Le choix final : migrer proprement ou prolonger l’environnement actuel

Une machine de build existante semble plus simple à conserver, mais elle peut concentrer les risques : clé privée unique, sauvegardes locales, Runner non documenté et dépendance à un compte humain. La prolonger repousse le problème sans améliorer la récupération.

À l’inverse, un Mac acheté localement donne un contrôle physique, mais impose l’immobilisation du matériel, la maintenance, la disponibilité électrique et la gestion du réseau. Pour un projet audio ou vidéo qui nécessite des périphériques physiques, ce contrôle peut être déterminant. Pour une chaîne iOS qui a surtout besoin de Xcode, de signature, d’Archive et d’un service disponible à distance, un Mac distant correctement préparé peut être plus souple.

Les offres et modes de fonctionnement doivent être examinés selon le besoin réel, notamment à travers les conditions de location d’un Mac mini. Cette option n’est pas automatiquement préférable à un achat pour une charge lourde et stable sur plusieurs années, ni pour un projet exigeant des interfaces physiques locales. Elle devient pertinente lorsque l’environnement actuel arrive à échéance, qu’une équipe doit reconstruire rapidement sa chaîne ou qu’un serveur de publication doit rester accessible sans acheter une machine dédiée.

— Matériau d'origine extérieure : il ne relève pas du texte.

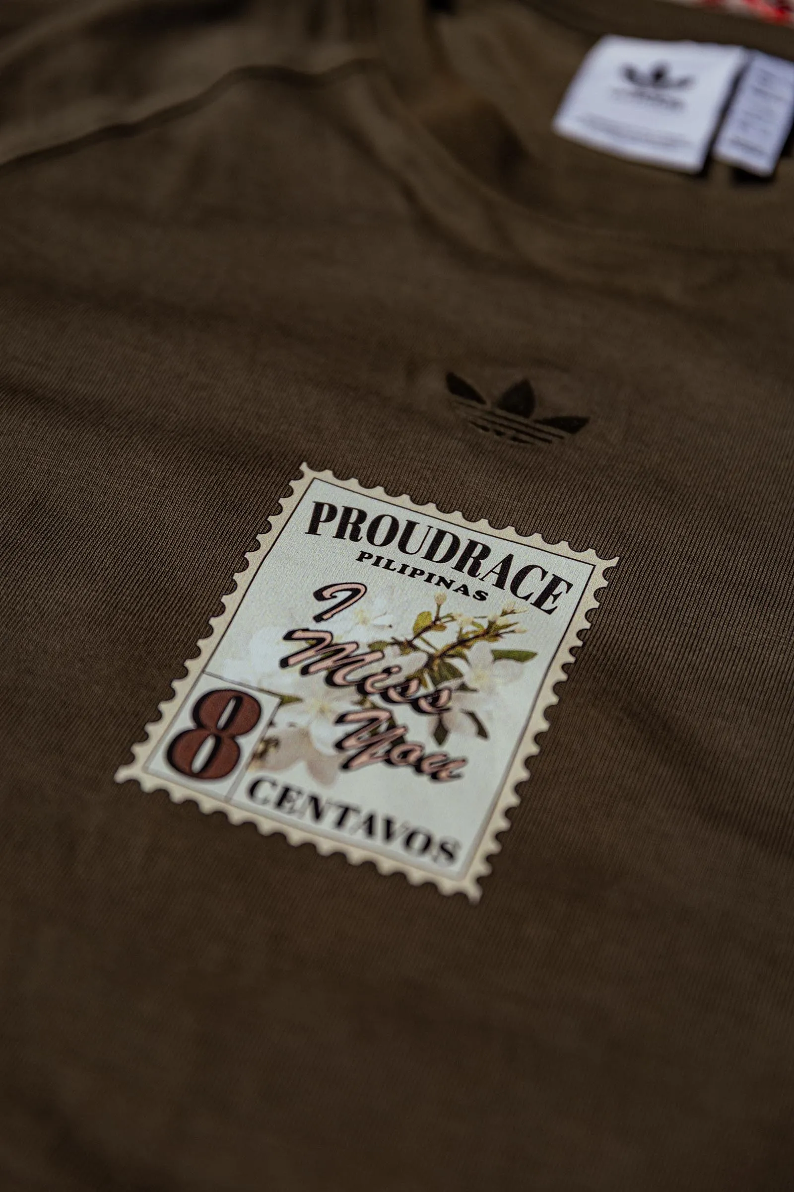 Accompanying Proudrace’s holy grail design are two graphic tees that feel plucked straight from the beachside markets of Boracay or Siargao. “One echoes the aesthetic of classic souvenir shirts, and the other features the collection’s signature ‘I Miss You’ stamp print,” he explains. “It’s a subtle but heartfelt nod to Filipinos everywhere. It’s a reminder to stay connected to their roots no matter where in the world they find themselves.”

La règle opérationnelle reste simple : sauvegarder ne signifie pas déplacer des fichiers. Il faut prouver que le nouvel environnement peut reconstruire, signer, publier, retrouver les symboles, reprendre les tâches automatisées et fonctionner lorsque l’ancien Mac est réellement hors ligne. Ce n’est qu’après cette preuve que la résiliation ou le nettoyage cesse d’être un pari.